高二の秋に花現病を発症し、専門病院に三か月入院した後、玲は危篤状態になった。慶に連絡が取れた雅が病室に来るのが後少し遅れたら、おそらく玲はこの世にはいなかっただろう。
「あの時、雅が告白してくれなかったら、確かに俺は死んでたと思う」
「こっちが死にそうになるから、もう言わないでほしい。俺は、玲は明石が好きなのかと思ってたんだ」
「俺はずっと、雅しか好きじゃないよ。あの桔梗の花の数ぐらい」
「……うん」
玲は、雅がいつも花の話をすると泣くのを堪えているのを知っている。
雅は元々理系だったが、高校卒業後は付属大学の医学部に進学した。その理由は花現病を研究し、玲のような患者を治したいと思ったからだ。
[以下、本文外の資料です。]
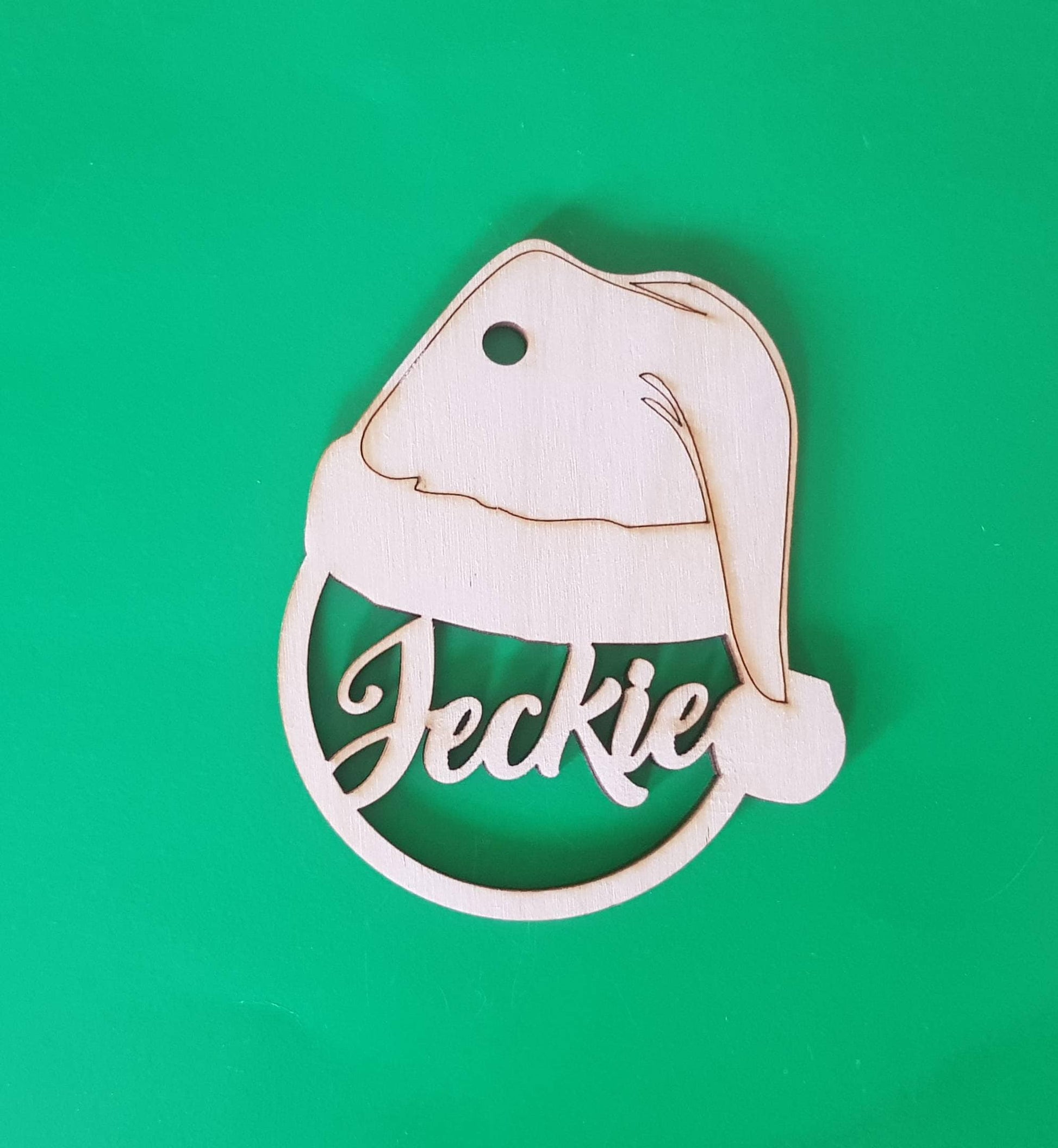 Personalized Wooden Christmas Ornament: Laser Cut Santa Gift Tag
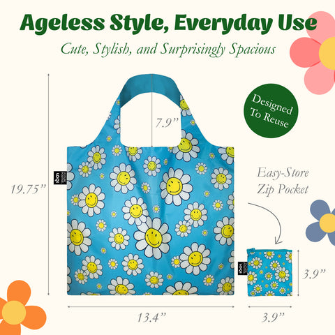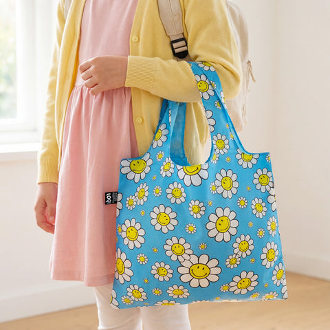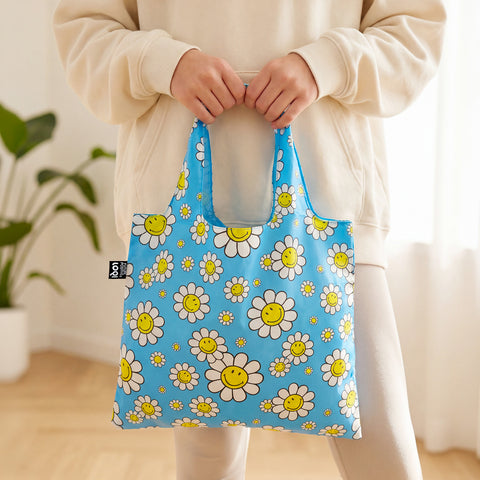 LOQI SMILEY Flowers Recycled Reusable Shopping Bag, Tote Bag Lunch Bag, Book Bag, Small, Aquarius
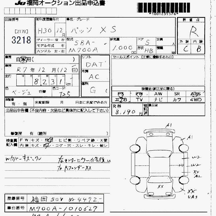 TOYOTA PASSO - лот 3218
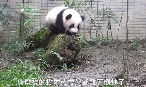 台北市立动物园今天公布影片,9308克的圆仔四肢发展相当好,很喜欢爬树和站高高,只见牠身手利落地爬上有自己肩膀高度的石头,登高远眺。
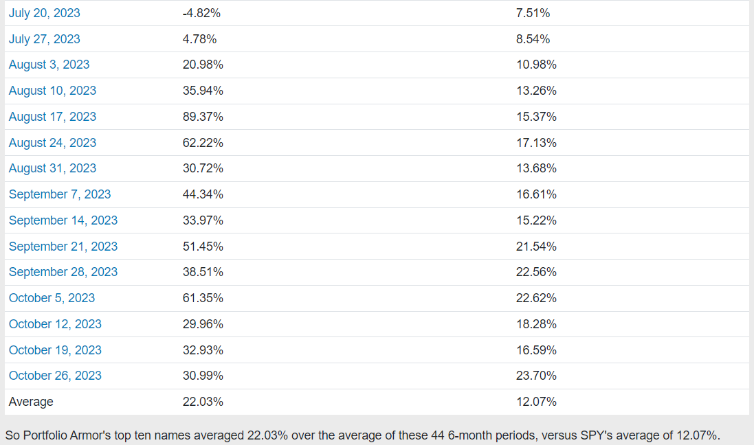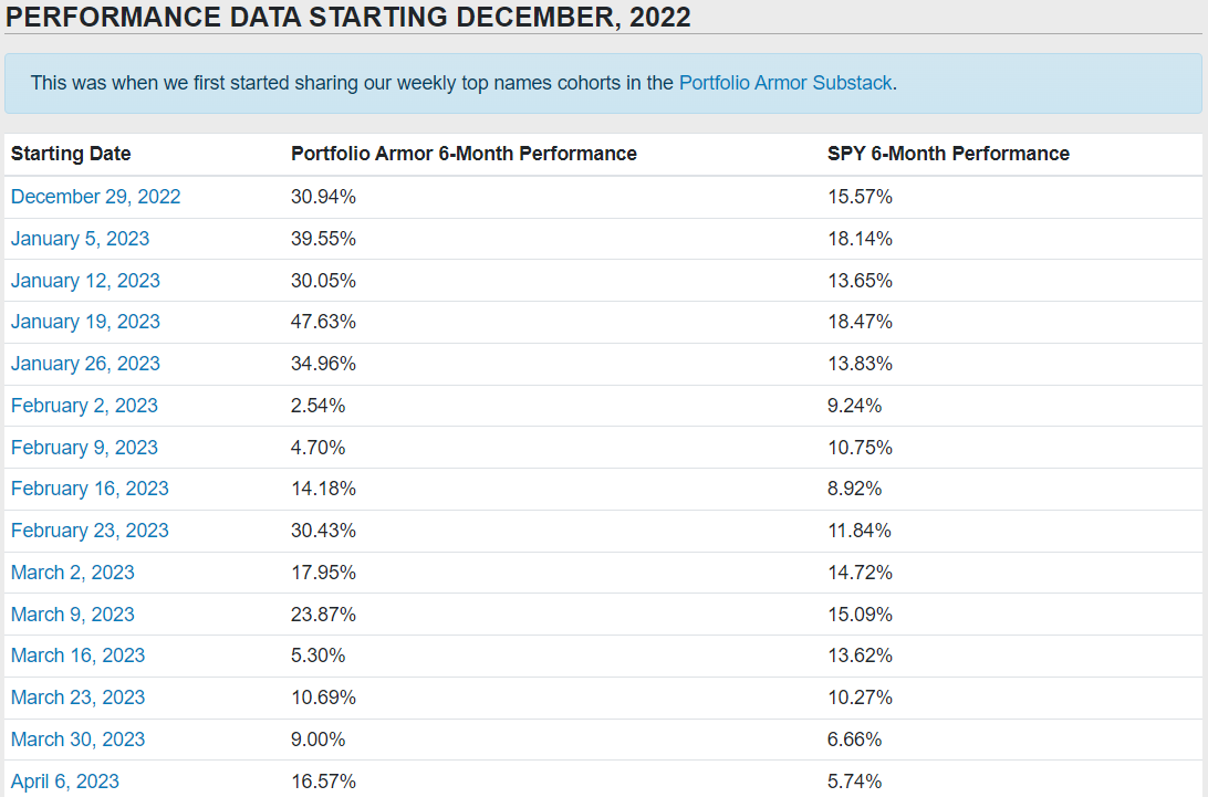 Each week, since we started this Substack at the end of 2022, we’ve posted Portfolio Armor’s current top ten names. Those are the securities our system estimates will generate the highest returns over the next six months.

危篤状態から脱した玲は、花現病の臨床研究に参加を求められ、ずっと協力してきた。
今では花現病は片思いの患者が発症し、両思いだとわかった時に完治する、と言われている。また、花が体から現れる過程で、まるで自身が花のように水や日光を強く求めるようになることもわかった。心因性の部分が大きいので、まだまだ未知な点が多い病だ。